The secret `HF_TOKEN` does not exist in your Colab secrets.
To authenticate with the Hugging Face Hub, create a token in your settings tab (https://huggingface.co/settings/tokens), set it as secret in your Google Colab and restart your session.
You will be able to reuse this secret in all of your notebooks.
Please note that authentication is recommended but still optional to access public models or datasets.


config.json:   0%|          | 0.00/789 [00:00<?, ?B/s]

pytorch_model.bin:   0%|          | 0.00/2.63G [00:00<?, ?B/s]

generation_config.json:   0%|          | 0.00/137 [00:00<?, ?B/s]

tokenizer_config.json:   0%|          | 0.00/166 [00:00<?, ?B/s]

tokenizer.json:   0%|          | 0.00/2.14M [00:00<?, ?B/s]

special_tokens_map.json:   0%|          | 0.00/3.00 [00:00<?, ?B/s]

We'll define a simple function to perform generation for a given text prompt using broadly reasonable parameters. For details on text generation using transformers, see e.g. [this tutorial](https://huggingface.co/blog/how-to-generate).

In [4]:
def generate(prompt, temperature=0.7, max_new_tokens=100):
    output = pipe(
        prompt,
        do_sample=True,
        temperature=temperature,
        max_new_tokens=max_new_tokens
    )
    return output[0]['generated_text']

Run generation with a few example prompts.

(Note that re-running these generation examples will produce different outputs as `model.generate` is invoked with the `do_sample=True` parameter.)

In [5]:
print(generate('p53 is an extensively studied protein that is known to interact with'))

p53 is an extensively studied protein that is known to interact with DNA and histones and act as a tumor suppressor. p53: 800 million years of evolution and 40 years of discovery, Levine p53 can be activated by a variety of DNA damage and other stress signals and is an important regulator of cell cycle arrest, apoptosis, and senescence. The role of p53 in cell cycle arrest and apoptosis., Amaral p53 can also regulate autophagy in response to cellular stress, DNA damage, and other


In [6]:
print(generate('The most significant risk factors for cancer include'))
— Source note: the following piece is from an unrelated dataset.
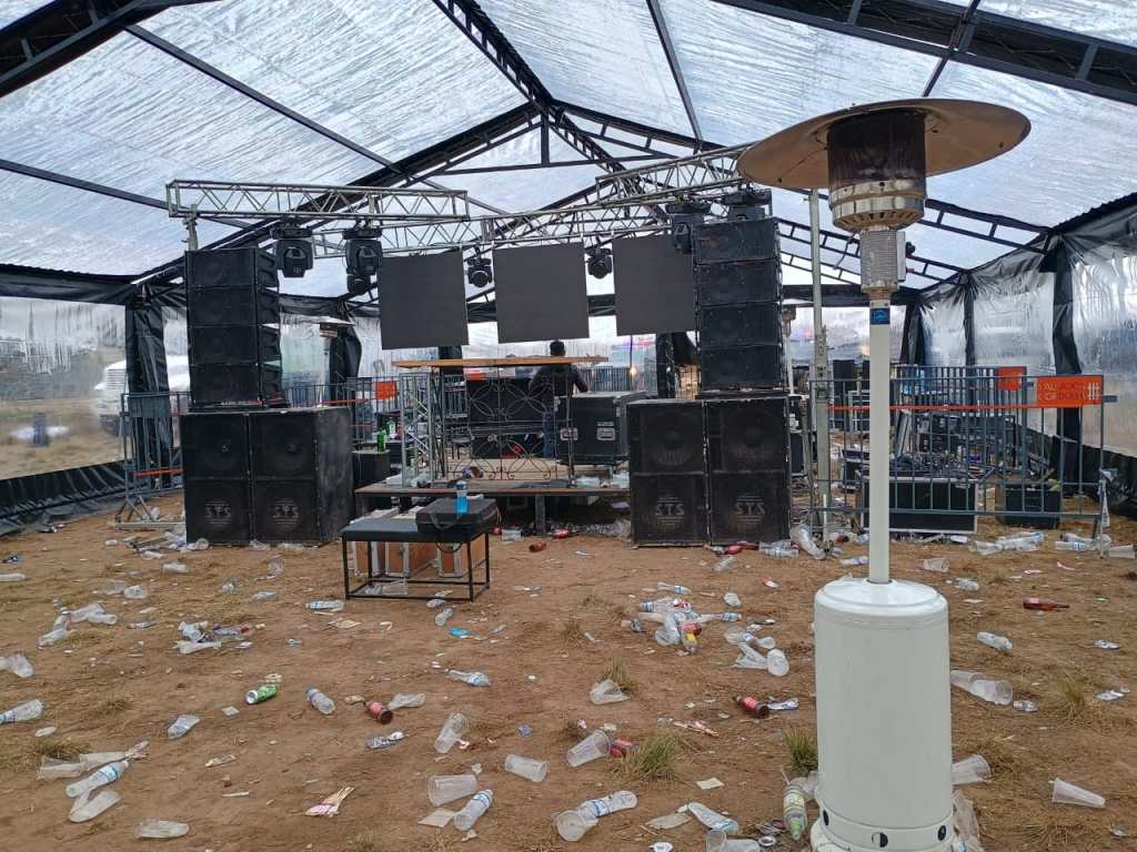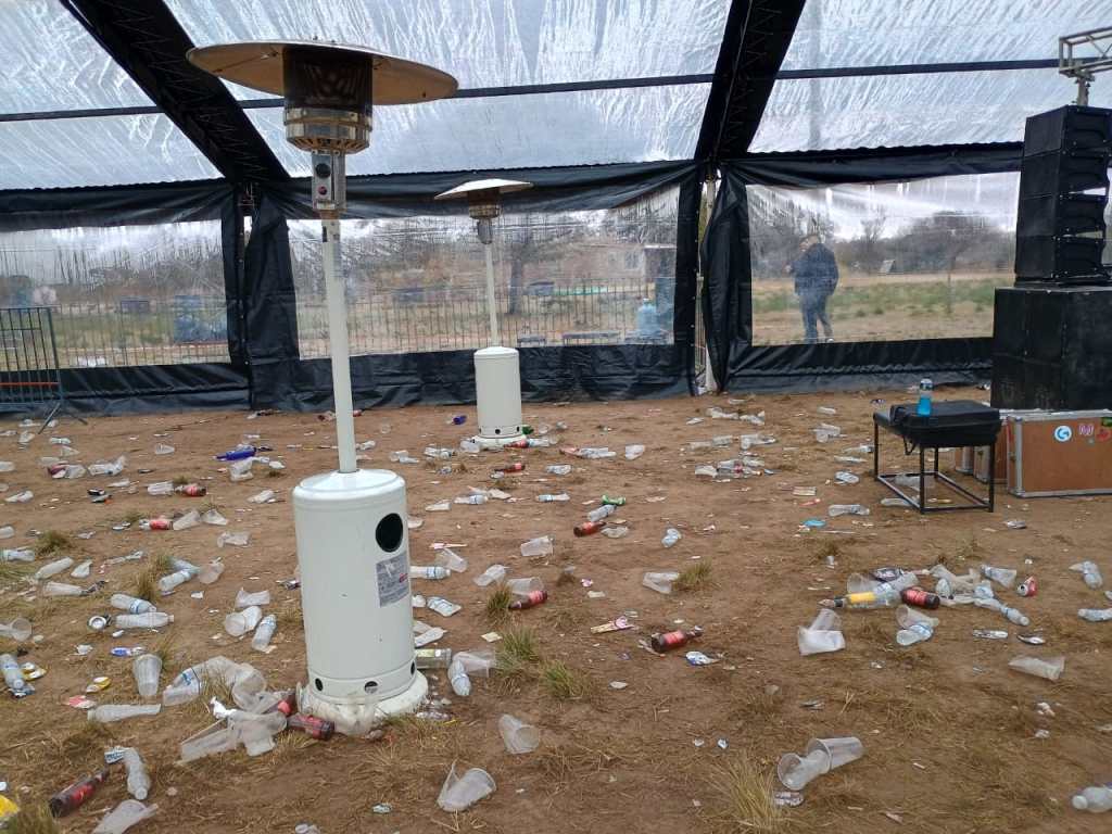 Recientemente, en un campo ubicado en el Km 25 de Chacra de La Merced, se procedió a desarticular a un grupo de 500 personas aproximadamente, quienes se encontraban en una fiesta electrónica clandestina. Al lugar se hizo presente personal policial de la Dir. Gral. de Seguridad Capital conjuntamente con efectivos de la Departamental Colón, Guardia de Infantería y FPA, quienes *secuestraron 70 vallas, 16 baños químicos, 6 barras de bebidas, 36 juegos de living, 5 estufas a gas, equipos de sonido, una carpa estructural de 20 x 10 mts y un generador; además, varias dosis de cocaina, cogollos, cigarrillos y envoltorios de marihuana*. Cabe consignar que el procedimiento culminó con *5 personas detenidas quienes fueron trasladados a disposición de la justicia*. El operativo se concretó luego que el ministerio de Seguridad, recibiera información anónima y tras una ardua tareas investigativas, se pudo establecer la zona donde se desarrollaba el encuentro.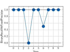 >>> from torch import rand, randint >>> # Example plotting multiple values >>> from torchmetrics.classification import BinaryRecallAtFixedPrecision >>> metric = BinaryRecallAtFixedPrecision(min_precision=0.5) >>> values = [ ] >>> for _ in range(10): ... # we index by 0 such that only the maximum recall value is plotted ... values.append(metric(rand(10), randint(2,(10,)))[0]) >>> fig_, ax_ = metric.plot(values)

The most significant risk factors for cancer include exposure to carcinogens, such as tobacco smoke, and genetic susceptibility1. Tobacco smoke contains numerous carcinogens, including polycyclic aromatic hydrocarbons (PAHs), which are generated by incomplete combustion of organic materials2. PAHs are ubiquitously present in indoor air and can enter the human body through inhalation, ingestion of food or water, and dermal contact. PAHs are a group of hydrocarbons with a wide variety of chemical structures and physicochemical properties, which include high volatility, poor water solubility,


**NOTE**: GALACTICA is a _base_ language model and has _not_ been trained to follow instructions (or chat). Because of this, "requests" such as the following will not result in responsive output.

In [7]:
print(generate('List the five most common types of cancer, with one per line.'))

List the five most common types of cancer, with one per line.

## History

 The game was developed by Infocom, with help from the company's former employee Steve Madden. The game was originally planned to be called Star Wars: Battlefront II, but the name was changed to avoid confusion with the Star Wars: Battlefront game that was released about 18 months before. The game was released in 1981 for the Amstrad CPC, Atari ST, Commodore 64, and ZX Spectrum


Try the model with a few prompts that test for facts relevant to your work.